▶ [What needs to be done]
Drop all pictures and repeat exactly the lines from the line holding "Baby Gap Hanna" through the end of the records.

[Records from a data source]
....

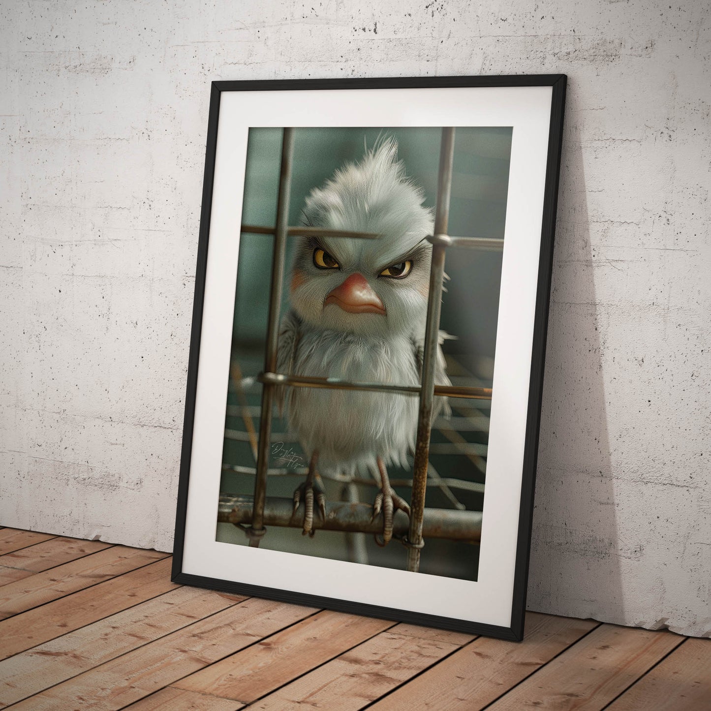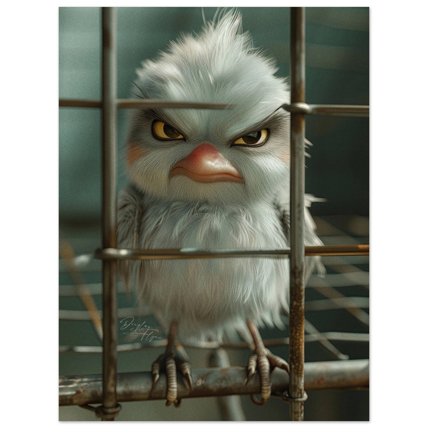 En jättesur burfågel, tecknad i fantasifull och engagerande stil. Djuret är avbildat med livliga färger och uttrycksfulla detaljer, vilket skapar en känsla av värme och karaktär. Den digitala illustrationen har tagits fram med hjälp av den senaste AI-tekniken, vilket bidrar till en unik och modern känsla i motivet.
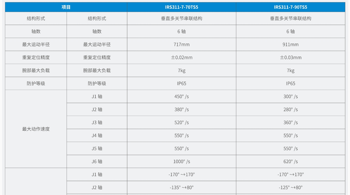 IRS311-7 系列6 關(guān)節(jié)機器人標(biāo)準(zhǔn)版最大臂長717mm,加長版可達911mm,最大負載可達7kg,中空手腕結(jié)構(gòu)設(shè)計,使得機器人布線更加方便,避免周邊布線配管磨損對生產(chǎn)環(huán)境的影響,具有結(jié)構(gòu)緊湊、輕巧、柔性化高、重復(fù)定位精度高、運動速度快等特點。配備高性能IRCB500系列控制系統(tǒng),具有很強的易用性和可靠性,廣泛應(yīng)用于機器人裝配、貼標(biāo)、貼片、點膠、插件、焊錫、分揀、打磨、拋光等領(lǐng)域。
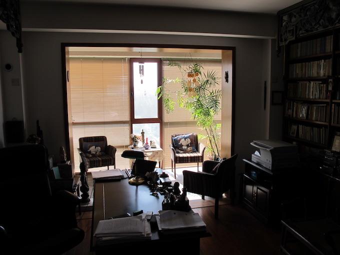 書(shū)桌上擺著臺(tái)燈、筆筒,以及他喜歡的各類(lèi)藝術(shù)品。氣晴好時(shí),逆向照進(jìn)來(lái)的陽(yáng)光會(huì)把這一切都變成“剪影”,很美。
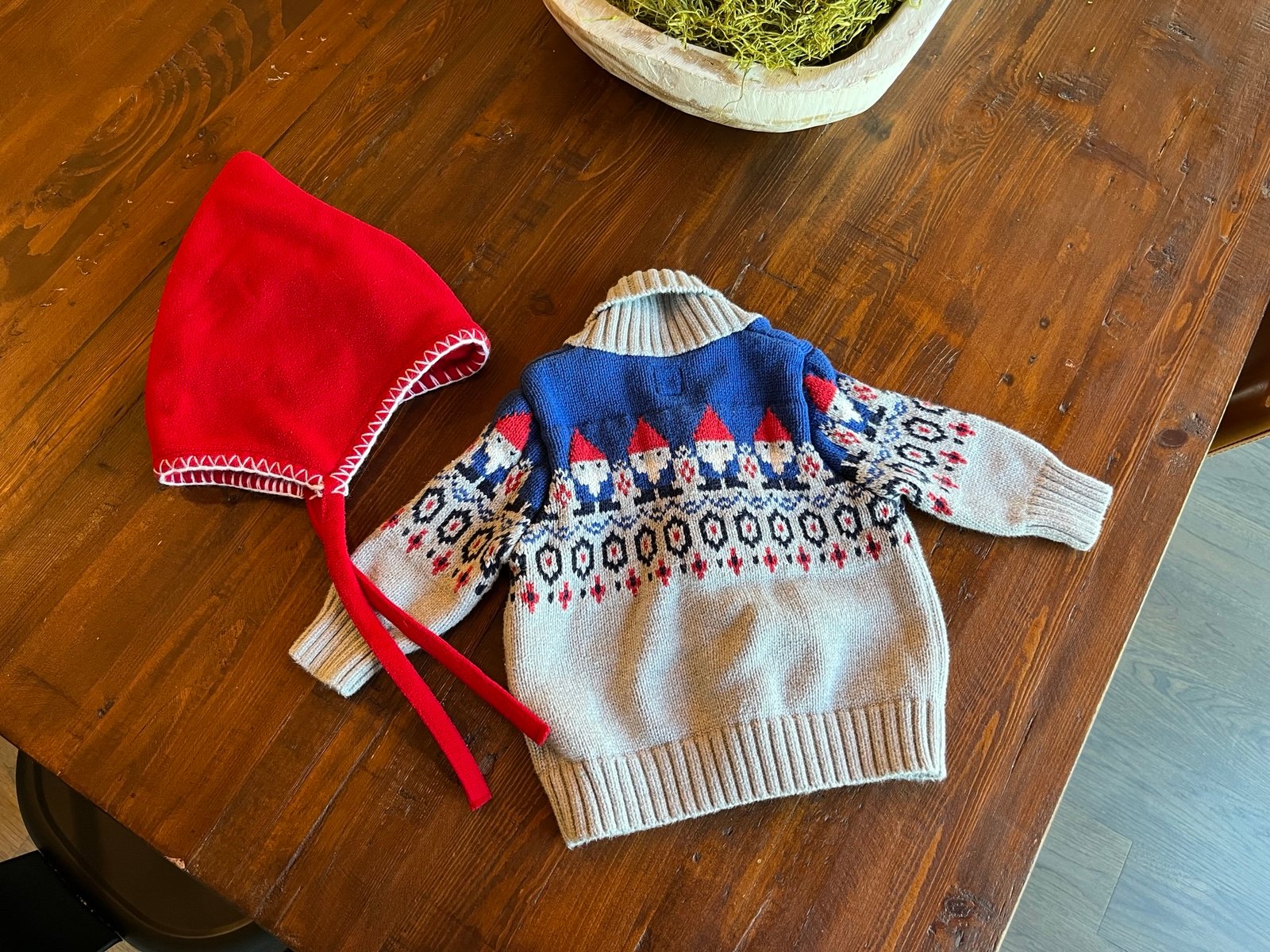 Baby Gap Hanna Andersson Gnome Cardigan Sweater & Hat 3-6 Months. Both in excellent condition.
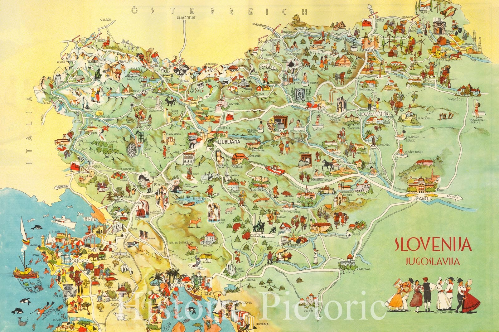 Historic Map - Slovenia, Jugoslavia/Pictorial Map of Slovenia, published by the Slovenian Tourist Bureau, 1959, Leon Koporc - Vintage Wall Art

....

▶ [Result for this task]
 Baby Gap Hanna Andersson Gnome Cardigan Sweater & Hat 3-6 Months. Both in excellent condition.
 Historic Map - Slovenia, Jugoslavia/Pictorial Map of Slovenia, published by the Slovenian Tourist Bureau, 1959, Leon Koporc - Vintage Wall Art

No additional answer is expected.